[Start of Attachment]
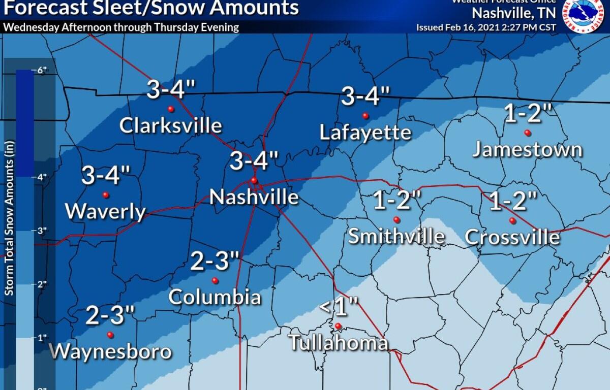 “Light snow is possible tomorrow morning across the northwest (of Middle Tennessee), but the bulk of accumulations start tomorrow night into Thursday,” according to a National Weather Service alert.
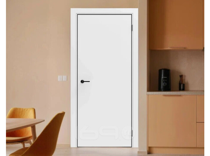 Дверь межкомнатная Порта-50 4AB ПЭТ Shellac White, глухая, кромка алюминиевая черная матовая, каркасно-щитовая
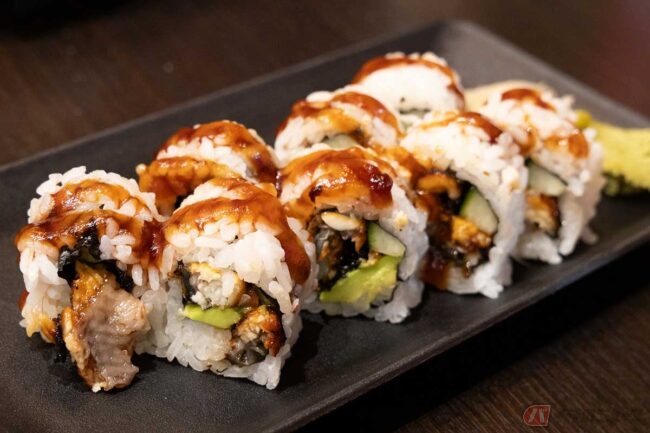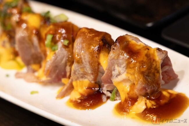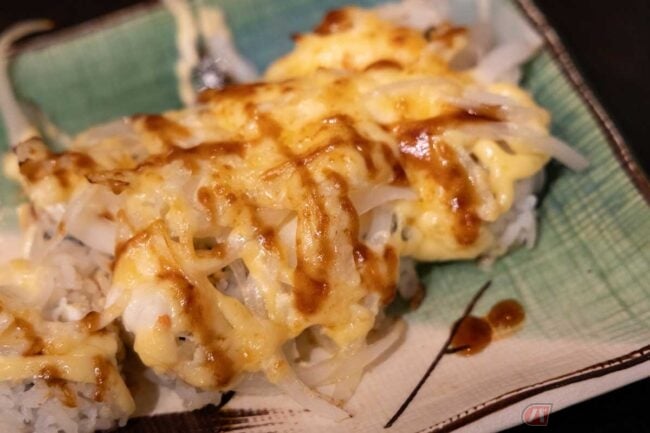などと考えていると料理が続々と出来上がってきました。PHILLY ROLLにJAPANESE LASAGNA……日本では見たこともない創作寿司です。PHILLY ROLLは、一番外側が海苔ではなくご飯、中に海苔、牛肉とキュウリが入っている巻物です。穴子のタレのような甘いソースがかけてあります。JAPANESE LASAGNAは、チーズと玉ねぎ、ホワイトソースっぽい味もします。ドリアの具をご飯に乗せている感じです。
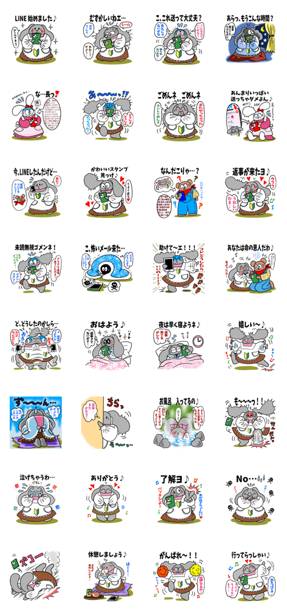 うさばあちゃんがLINEに初挑戦! 失敗しながらも孫の助けで楽しんでいます。LINE初心者さんが失敗しちゃったり、詫びたり、助けを求めたりする時にも使えるスタンプです!
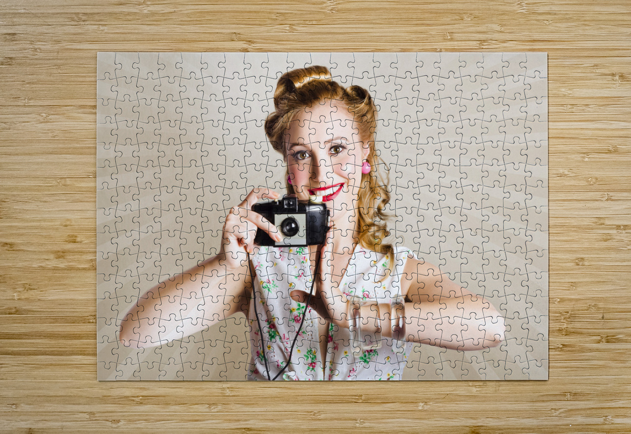 Beautiful Woman Photographer Holding Retro Camera Jorgo Puzzle printing
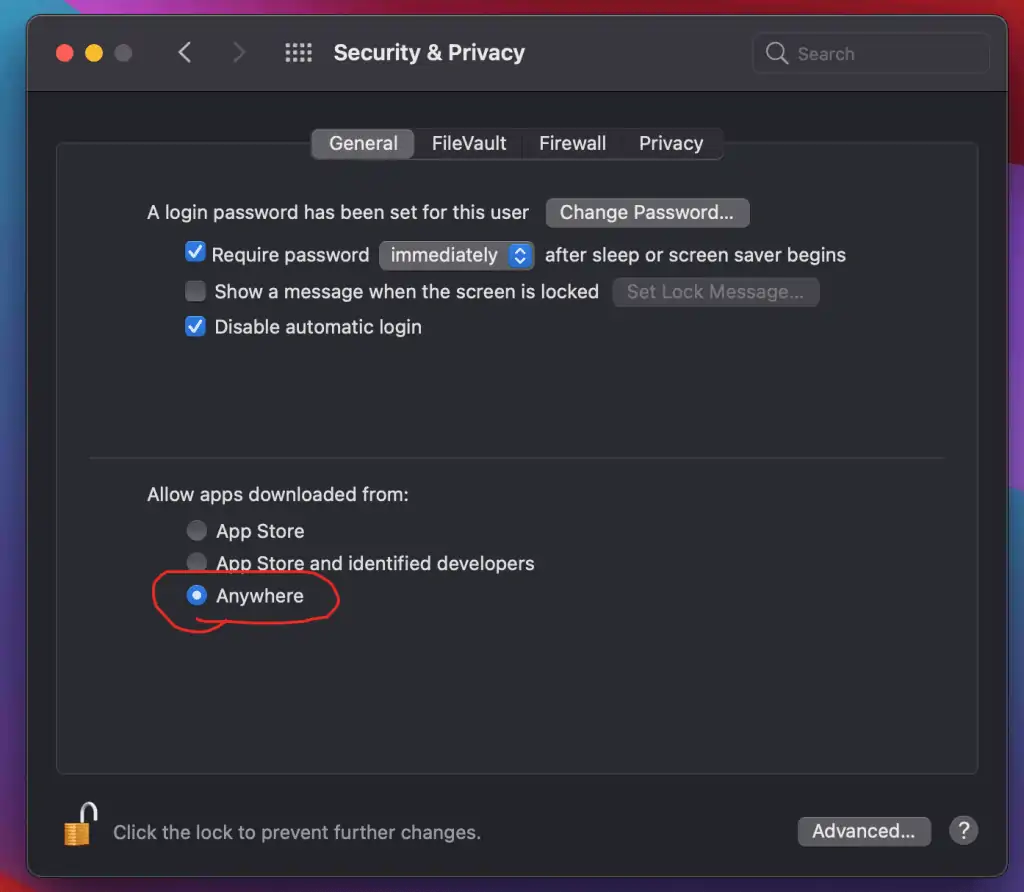 打开 系统偏好设置→安全性与隐私→通用→解锁→允许从以下位置下载App→更改为 任何来源
[End of Attachment]
> **TASK TO CARRY OUT**:
Output each record verbatim, but skip anything that is a picture.

> **RESULT OF THE EXERCISE**:
 “Light snow is possible tomorrow morning across the northwest (of Middle Tennessee), but the bulk of accumulations start tomorrow night into Thursday,” according to a National Weather Service alert.
 Дверь межкомнатная Порта-50 4AB ПЭТ Shellac White, глухая, кромка алюминиевая черная матовая, каркасно-щитовая
などと考えていると料理が続々と出来上がってきました。PHILLY ROLLにJAPANESE LASAGNA……日本では見たこともない創作寿司です。PHILLY ROLLは、一番外側が海苔ではなくご飯、中に海苔、牛肉とキュウリが入っている巻物です。穴子のタレのような甘いソースがかけてあります。JAPANESE LASAGNAは、チーズと玉ねぎ、ホワイトソースっぽい味もします。ドリアの具をご飯に乗せている感じです。
 うさばあちゃんがLINEに初挑戦! 失敗しながらも孫の助けで楽しんでいます。LINE初心者さんが失敗しちゃったり、詫びたり、助けを求めたりする時にも使えるスタンプです!
 Beautiful Woman Photographer Holding Retro Camera Jorgo Puzzle printing
 打开 系统偏好设置→安全性与隐私→通用→解锁→允许从以下位置下载App→更改为 任何来源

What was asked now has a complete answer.